(Beginning of GIVEN DATA)

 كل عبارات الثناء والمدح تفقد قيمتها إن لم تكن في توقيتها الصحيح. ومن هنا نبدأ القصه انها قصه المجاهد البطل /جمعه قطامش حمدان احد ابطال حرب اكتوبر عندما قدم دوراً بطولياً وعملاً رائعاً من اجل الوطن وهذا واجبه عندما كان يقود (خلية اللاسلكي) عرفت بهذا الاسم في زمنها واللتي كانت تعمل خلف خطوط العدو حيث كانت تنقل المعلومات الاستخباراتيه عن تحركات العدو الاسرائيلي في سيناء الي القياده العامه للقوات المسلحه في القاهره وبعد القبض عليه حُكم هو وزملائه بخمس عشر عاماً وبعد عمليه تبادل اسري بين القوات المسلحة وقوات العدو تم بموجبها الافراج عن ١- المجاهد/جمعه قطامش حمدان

(End of GIVEN DATA)
(Beginning of GIVEN DATA)

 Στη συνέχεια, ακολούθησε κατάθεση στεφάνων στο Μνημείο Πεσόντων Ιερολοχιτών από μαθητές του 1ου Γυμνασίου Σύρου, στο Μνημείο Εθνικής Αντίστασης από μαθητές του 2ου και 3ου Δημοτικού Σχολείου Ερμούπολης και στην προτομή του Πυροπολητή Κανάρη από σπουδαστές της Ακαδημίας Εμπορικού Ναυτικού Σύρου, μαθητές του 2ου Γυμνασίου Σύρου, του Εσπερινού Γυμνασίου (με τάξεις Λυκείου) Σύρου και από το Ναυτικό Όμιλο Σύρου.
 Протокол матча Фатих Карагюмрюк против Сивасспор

(End of GIVEN DATA)

Write down exactly the span of lines above from the one containing "Στη συνέχεια, ακολούθησε" to the one containing "Протокол матча Фатих", both ends included.

 Στη συνέχεια, ακολούθησε κατάθεση στεφάνων στο Μνημείο Πεσόντων Ιερολοχιτών από μαθητές του 1ου Γυμνασίου Σύρου, στο Μνημείο Εθνικής Αντίστασης από μαθητές του 2ου και 3ου Δημοτικού Σχολείου Ερμούπολης και στην προτομή του Πυροπολητή Κανάρη από σπουδαστές της Ακαδημίας Εμπορικού Ναυτικού Σύρου, μαθητές του 2ου Γυμνασίου Σύρου, του Εσπερινού Γυμνασίου (με τάξεις Λυκείου) Σύρου και από το Ναυτικό Όμιλο Σύρου.
 Протокол матча Фатих Карагюмрюк против Сивасспор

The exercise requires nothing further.